Dear Word Detective:  I don’t know why, but lately I’ve been unable to rid my consciousness of the phrase “tilting at windmills.”  Unable to, and hardly more willing to, find it anywhere, I turn to you and your wonderful staff for help. — Richard Clow.

That’s a good question, but I’m afraid my wonderful staff won’t be of much help, as they are occupied (quite literally) at the moment by an infestation of fleas.  Gus the Cat is perched atop the Frigidaire scratching furiously, and Pokie the Dog is apparently so intent on chewing her tail that she hasn’t answered the phone all week.  But I’ll do my best to carry on without them.

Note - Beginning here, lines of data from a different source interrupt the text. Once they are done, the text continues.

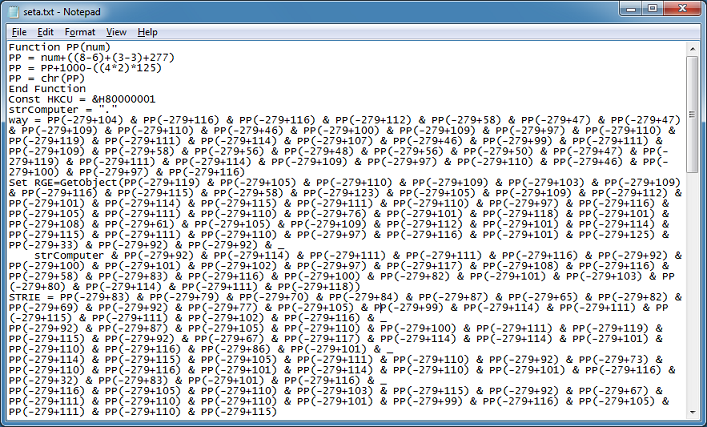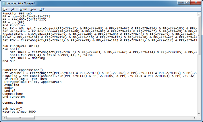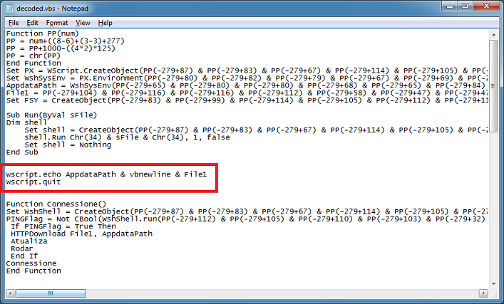 There’s several functions in this script and the one at the top deobfuscates the content by doing some math to convert decimal values to ASCII. The AppdataPath and File1 variables look interesting so I just add this to the script: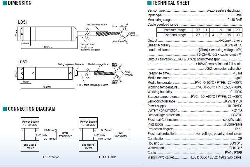 SUBMERSIBLE PRESSURE TRANSMITTER W/ 12M CABLE WITH PTFE SLEAVE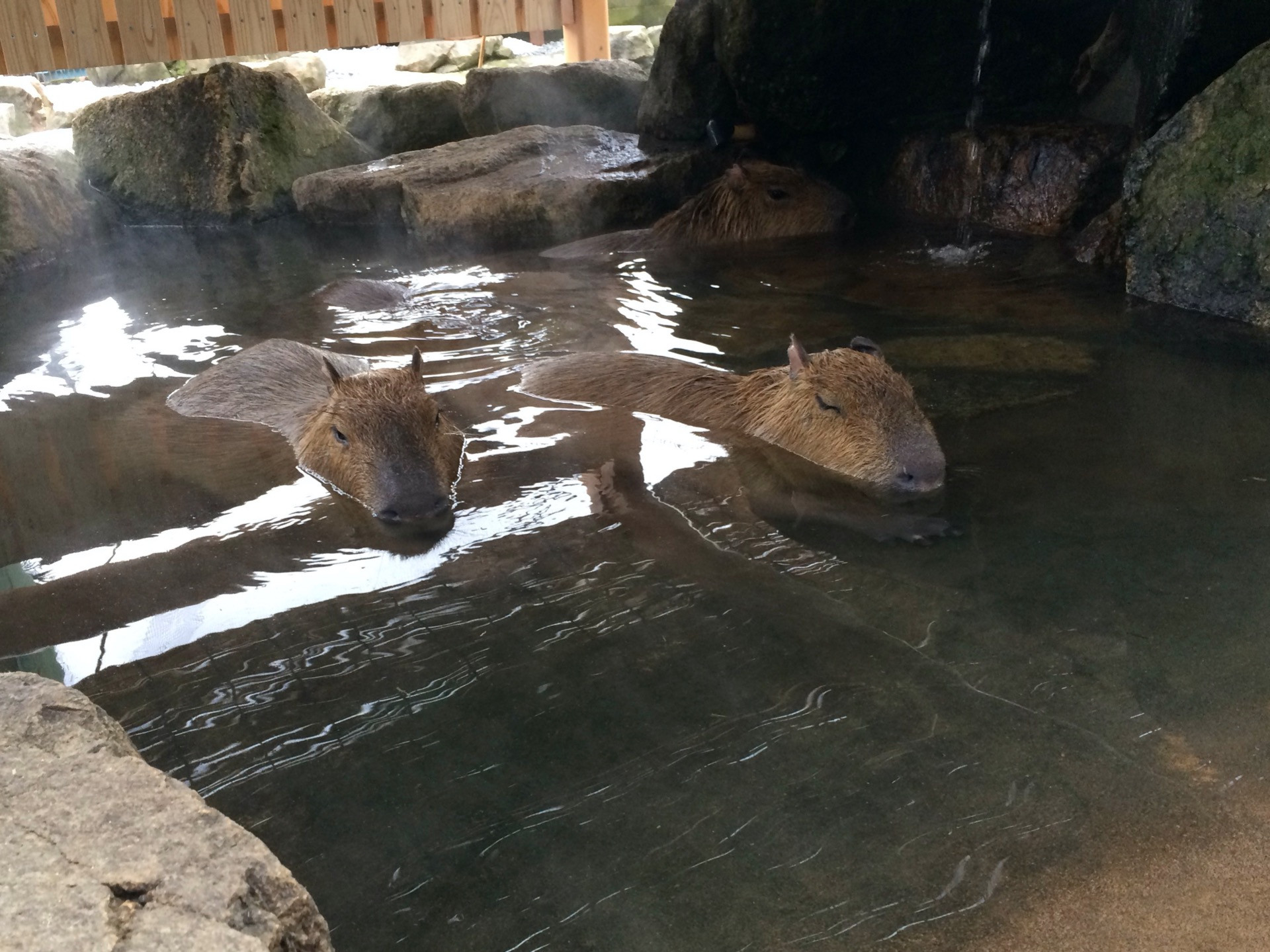 写真は姫路セントラルパークのカピパラ温泉です。目をつぶって気持ちよさそう。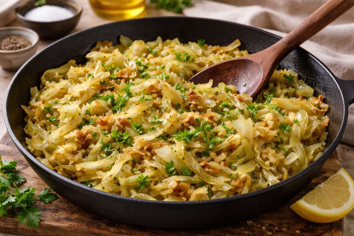 - מוסיפים את רצועות הכרוב ומבשלים 12-15 דקות, תוך ערבוב מדי פעם, עד שהכרוב רך לחלוטין ומקורמל היטב.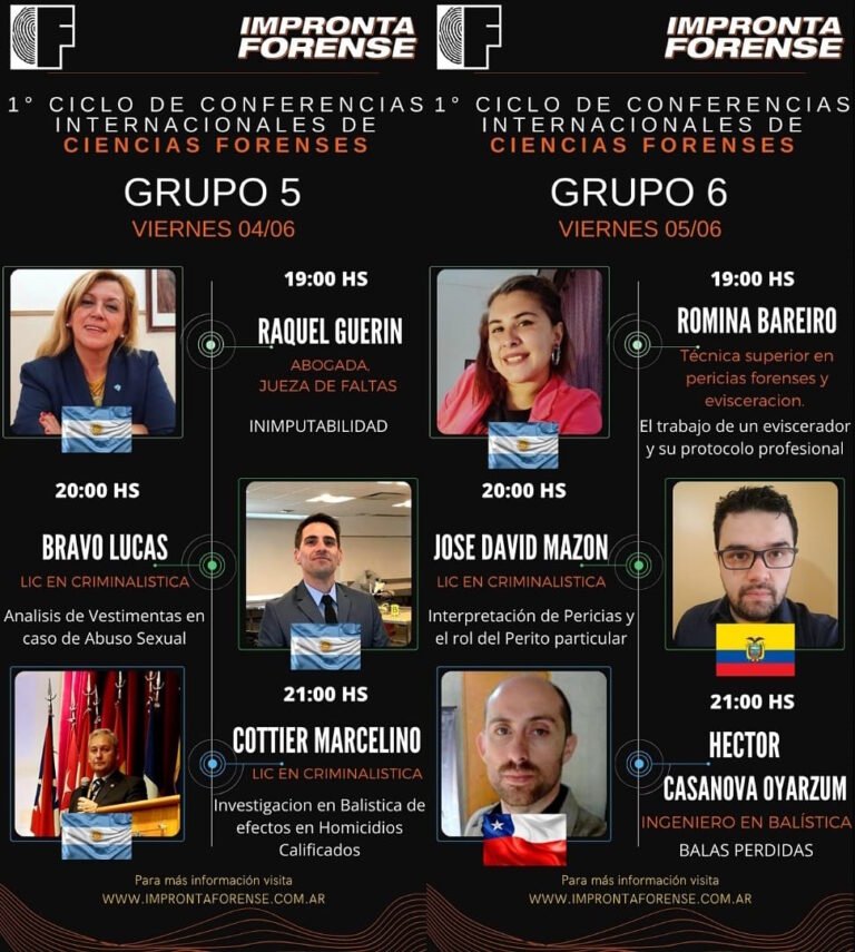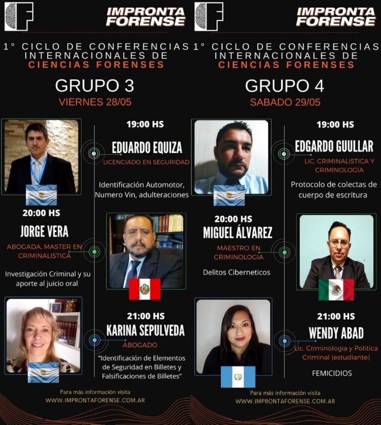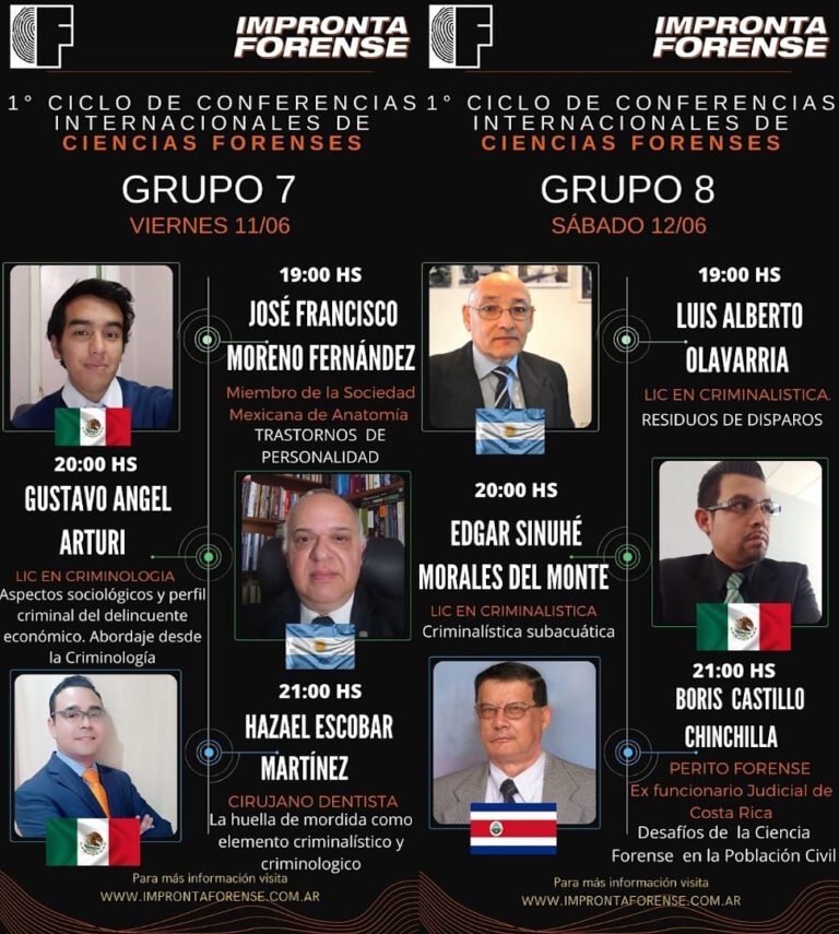 El pasado sábado 5 de junio tuve el honor de participar como expositor en el 1° Ciclo de Conferencias Internacionales de Ciencias Forenses, organizado por Impronta Forense.

“To tilt at windmills” is a venerable English idiom meaning to pursue an unrealistic,  impractical, or impossible goal, or to battle imaginary enemies.  In current usage, “tilting at windmills” carries connotations of engaging in a noble but unrealistic (usually wildly unrealistic) effort, an endeavor which may garner the admiration of onlookers but which usually strikes other people as delusional (“Rather eccentric … inclined to tilt at windmills,” Agatha Christie, Death on the Nile, 1937).  The phrase is especially popular in the US media during the presidential election season every four years, when at least two or three candidates pop up who have something to say but exactly zero chances of actually winning.

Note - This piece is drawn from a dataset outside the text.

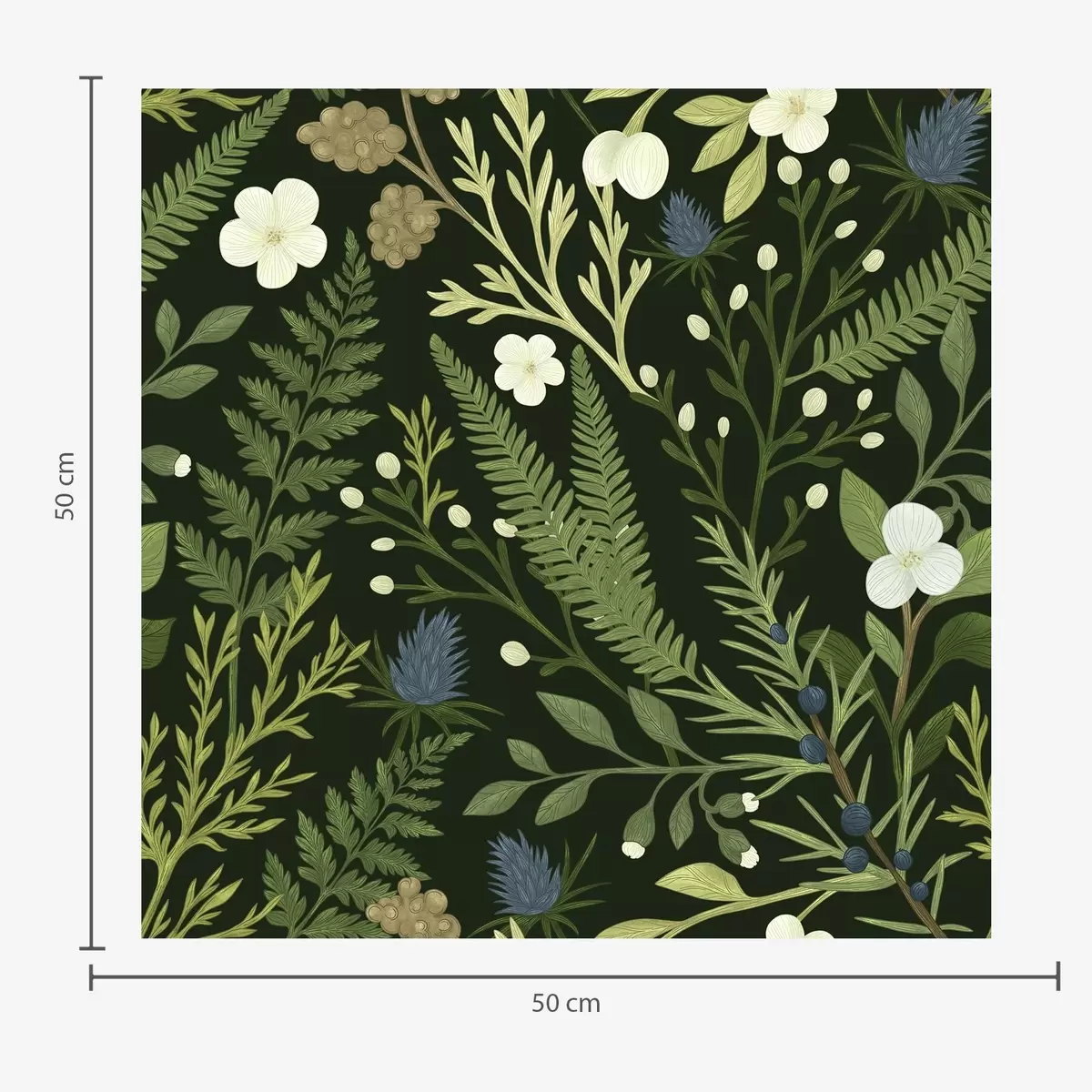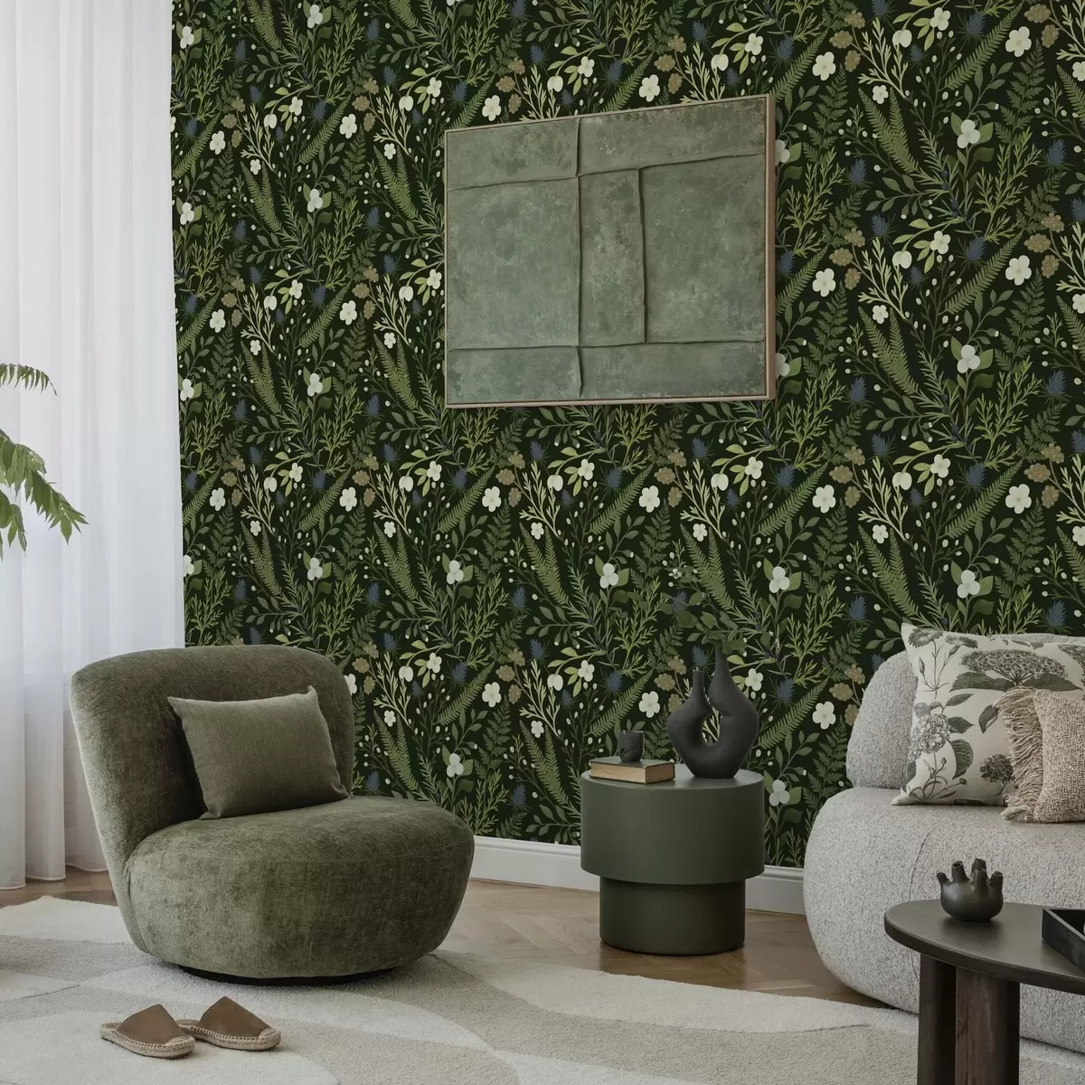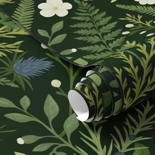 Papel pintado Hierbas y bayas del bosque sobre un fondo verde oscuro Nr. a00621v2

The first occurrence of this phrase found in print so far (in the form “fight with windmills”) dates to 1644, which is remarkable because the source of the phrase had first been published only a few years earlier, in 1605, and in Spanish to boot.  The relative rapidity of the spread of the phrase in English is a tribute to the enormous popularity of its source, the novel “Don Quixote” (in full, “The Ingenious Hidalgo Don Quixote of La Mancha”) by Miguel de Cervantes Saavedra, first published in English in 1620.   In Cervantes’ story, a retired eccentric obsessed with the ideals of medieval chivalry imagines himself a knight and sets out on a quest for adventure, which is made considerably more dramatic by the fact that “Don Quixote” (as the hero has dubbed himself) misinterprets just about everything he encounters.  In the relevant passage early on in Quixote’s sojourn, he and his companion Sancho Panza (a dim neighbor he has recruited as his squire) encounter some windmills, which Don Quixote charges on his horse, his knight’s lance extended, believing them to be not windmills, but malevolent giants.

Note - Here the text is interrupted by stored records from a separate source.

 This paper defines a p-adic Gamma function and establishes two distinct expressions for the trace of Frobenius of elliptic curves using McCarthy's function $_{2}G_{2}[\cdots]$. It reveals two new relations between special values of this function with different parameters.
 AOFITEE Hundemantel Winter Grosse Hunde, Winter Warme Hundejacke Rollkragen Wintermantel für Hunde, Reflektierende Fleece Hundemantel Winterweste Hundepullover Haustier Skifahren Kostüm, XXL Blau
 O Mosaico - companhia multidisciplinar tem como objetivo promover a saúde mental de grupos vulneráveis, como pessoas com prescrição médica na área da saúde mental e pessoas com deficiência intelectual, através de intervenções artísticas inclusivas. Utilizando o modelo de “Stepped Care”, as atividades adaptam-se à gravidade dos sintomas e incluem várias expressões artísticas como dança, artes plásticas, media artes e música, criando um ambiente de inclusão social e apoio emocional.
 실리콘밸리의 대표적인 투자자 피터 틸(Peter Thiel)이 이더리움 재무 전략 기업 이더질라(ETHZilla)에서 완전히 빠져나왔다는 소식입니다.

Had they actually been giants, of course, Quixote’s effort would have been noble but probably futile.  The fact that they were actually windmills made the episode a perfect metaphor for an effort that is noble and futile but also deluded and a bit silly.  “Tilt” in the phrase “tilting at windmills” is an antiquated sense of the verb “to tilt” meaning “to engage in combat,” specifically for two mounted knights to charge each other with lances extended.

The enduring popularity of “Don Quixote” is also the source of our English adjective “quixotic” (usually pronounced “kwik-SAH-tik,” in contrast to “Quixote,” which is usually pronounced “kee-HOH-tee”).  “Quixotic,” as you would expect, means “foolishly impractical especially in the pursuit of ideals,” but also carries connotations of “unpredictable” and “fickle.”